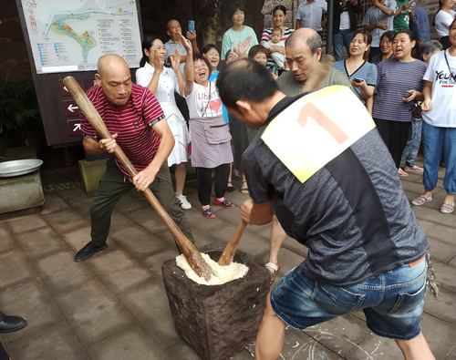 中秋打糍粑、吃月饼是古蔺由来已久的习俗,听说要举办打糍粑比赛,居民们热情高涨,踊跃报名参加。
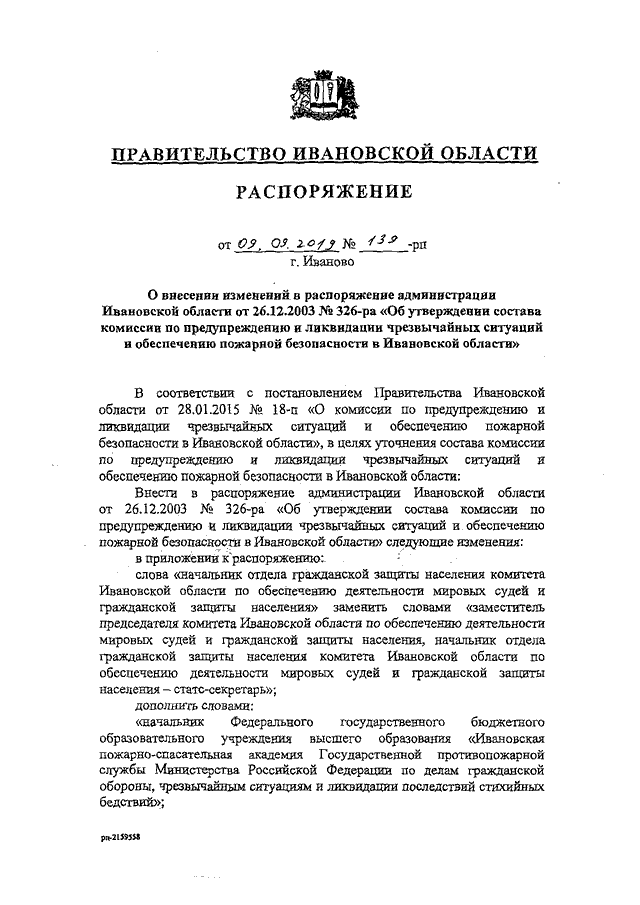 Распоряжение Правительства Ивановской области от 09.09.2019 N 139-рп "О внесении изменений в распоряжение администрации Ивановской области от 26.12.2003 N 326-ра "Об утверждении состава комиссии по предупреждению и ликвидации чрезвычайных ситуаций и обеспечению пожарной безопасности в Ивановской области"
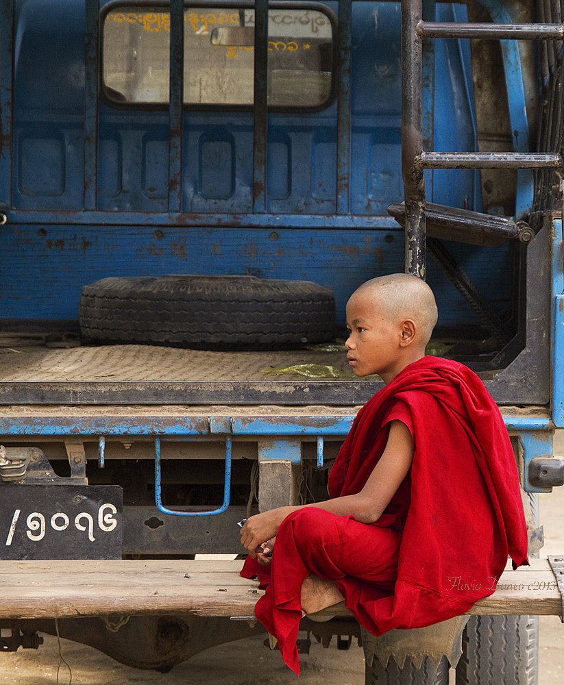 Anna parla di ritratto ambientato ed è vero, potrebbe essere considerato tale. Ma con onestà devo dire che, una volta tanto, non avevo pensato ad un ritratto mentre scattavo ma piuttosto a una piccola scena ambientata, con questo giovane monaco che si godeva un momento di riposo seduto su uno scalcinato camion. E stato seduto per pochissimo (come tutti i ragazzini del mondo) e quindi, non volendo nemmeno che si accorgesse di me che stavo scattando, non ho potuto scegliere la posizione migliore. Pertanto concordo che la scaletta (se non ricordo male era infatti una scaletta che permetteva di salire sul tettuccio) possa dare fastidio e riconosco che la proposta di Cristian sia ottimale, ma io solitamente non intervengo mai a modificare scatti di viaggio (se non tagliando marginalmente se la scena lo permette). Inoltre ho mantenuto la parte superiore per una mia fisima, ma mi piaceva il rimando della scritta in caratteri birmani con quelli che poi si vedono in basso.
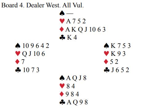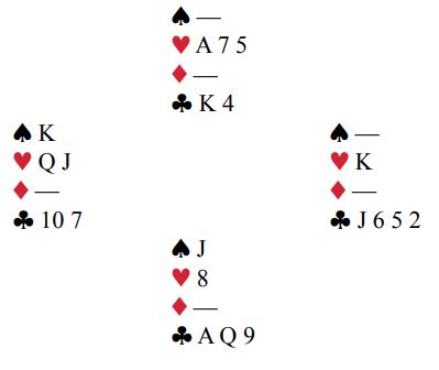 Det er opplagt at det er sannsynlig spar bør være trumffargen. Men makker kan jo ha firekorts hjerter og singel eller renons i spar. Og det kan kanskje være best i hjerterkontrakt selv om makker har kun trekorts hjerter også. Mye å ta stilling til her i tillegg til systemavtalene makkerparet har. Dessuten vil det koke ned til hvor optimistisk syd er. For det kan jo godt stå slem, kanskje til og med storeslem. Det er ikke sikkert alle fikk melde i fred heller, for slik så hele spillet ut:
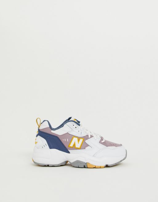 New Balance 608 Vita och lila sneakers med grov design ASOS
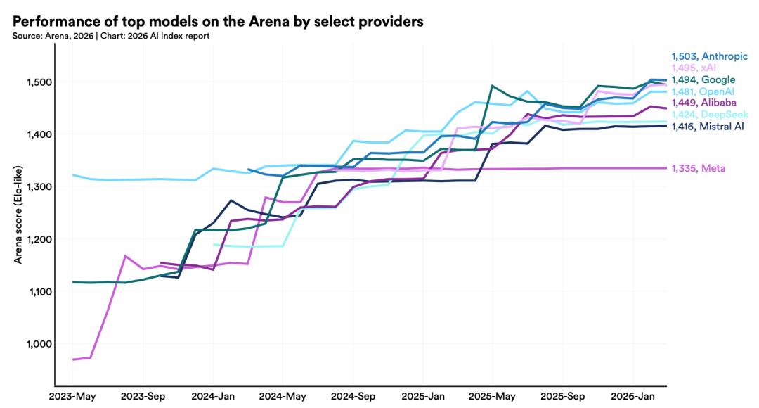 截至2026年3月,在Arena Leaderboard的人类投票评估中,Anthropic、xAI、谷歌、OpenAI四家头部厂商的模型Elo分差不足25,阿里巴巴、DeepSeek等紧随其后。性能差距收窄后,行业竞争焦点从基准跑分转向成本、延迟、可靠性、垂直领域优化等工程化能力。
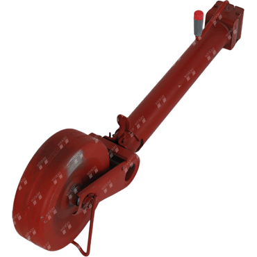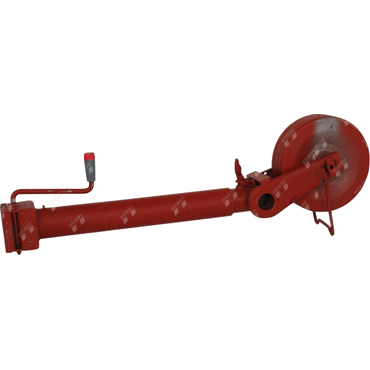 Universal stabilizing wheel e.g. for single-axle trailers, loader wagons and manure spreaders. The stabilizing wheels are UVV-tested and comply with the guidelines of the German Association of Agriculture Trade Cooperatives. Due to their solid construction type the support wheels offer a safe stand at any time.
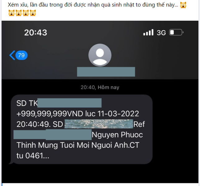 Cụ thể, quản lý của Noo chia sẻ: "Xém xỉu, lần đầu trong đời được nhận quà sinh nhật to đùng thế này...". Quản lý của Noo Phước Thịnh còn đăng tải cả tin nhắn báo Noo Phước Thịnh chuyển khoản gần 1 tỷ đồng tới tài khoản của anh.
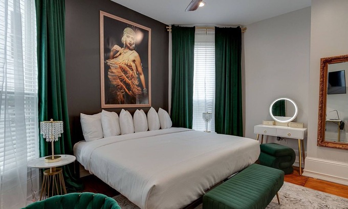 Experience Lexington at its best in our newly renovated home, tastefully themed in the Flapper era. The space includes a King size suite and a full-size bedroom, providing comfortable accommodations for your stay.
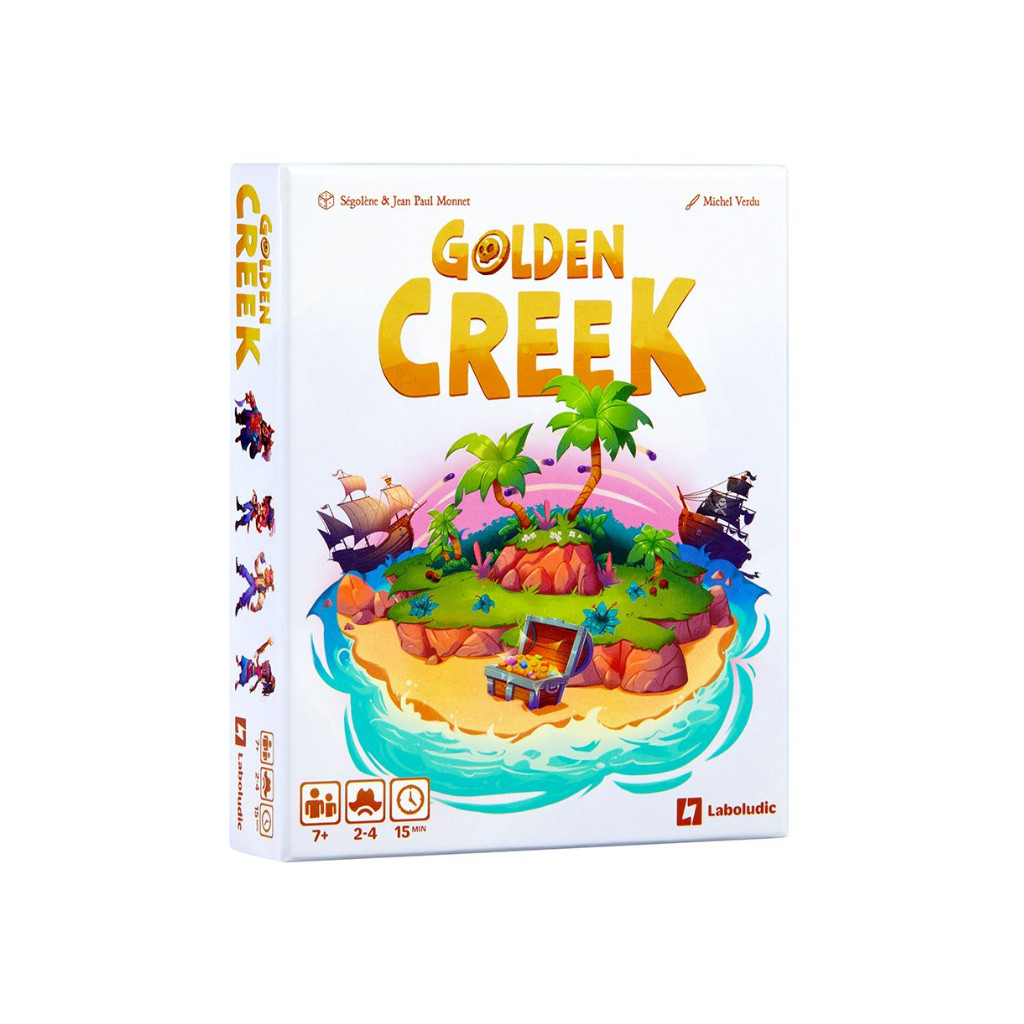 Golden Creek, un jeu de Ségolène & Jean-Paul Monnet, illustré par Michel Verdu, édité par Laboludic et distribué en Belgique par Geronimo Games.
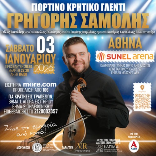 Γρηγόρης Σαμόλης - Γιορτινό Κρητικό γλέντι στην Αθήνα στο Sunel Arena Κωνσταντινουπόλεως 59 Sunel Arena - Γήπεδο Μπάσκετ ΑΕΚ - Άνω Λιόσια, Αττική
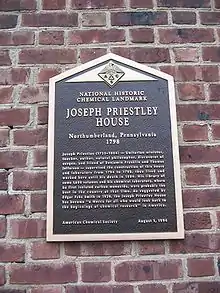 Plaque mentionnant le statut de National Historical Chemical Landmark sur la Joseph Priestley House.
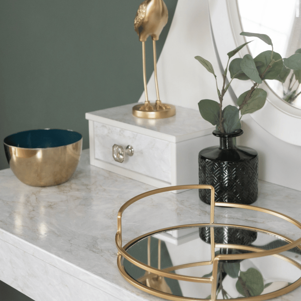 Disse beige og gullfarget årene gir en varm tone til marmoren, noe som gir et mer klassisk og mykt utseende sammenlignet med den mer kontrastfylte Carrara-marmor-stilen. Innslaget av gull reflekteres delikat i lys og oppleves ikke som overbærende.
■ ■ ■ ■ ■ ■ ■
**WHAT YOU WILL DO:** Leave out the pictures and restate, word for word, the lines from the top of the data through the line containing "Распоряжение Правительства Ивановской", both included.

**WRITTEN RESPONSE:**
 中秋打糍粑、吃月饼是古蔺由来已久的习俗,听说要举办打糍粑比赛,居民们热情高涨,踊跃报名参加。
 Распоряжение Правительства Ивановской области от 09.09.2019 N 139-рп "О внесении изменений в распоряжение администрации Ивановской области от 26.12.2003 N 326-ра "Об утверждении состава комиссии по предупреждению и ликвидации чрезвычайных ситуаций и обеспечению пожарной безопасности в Ивановской области"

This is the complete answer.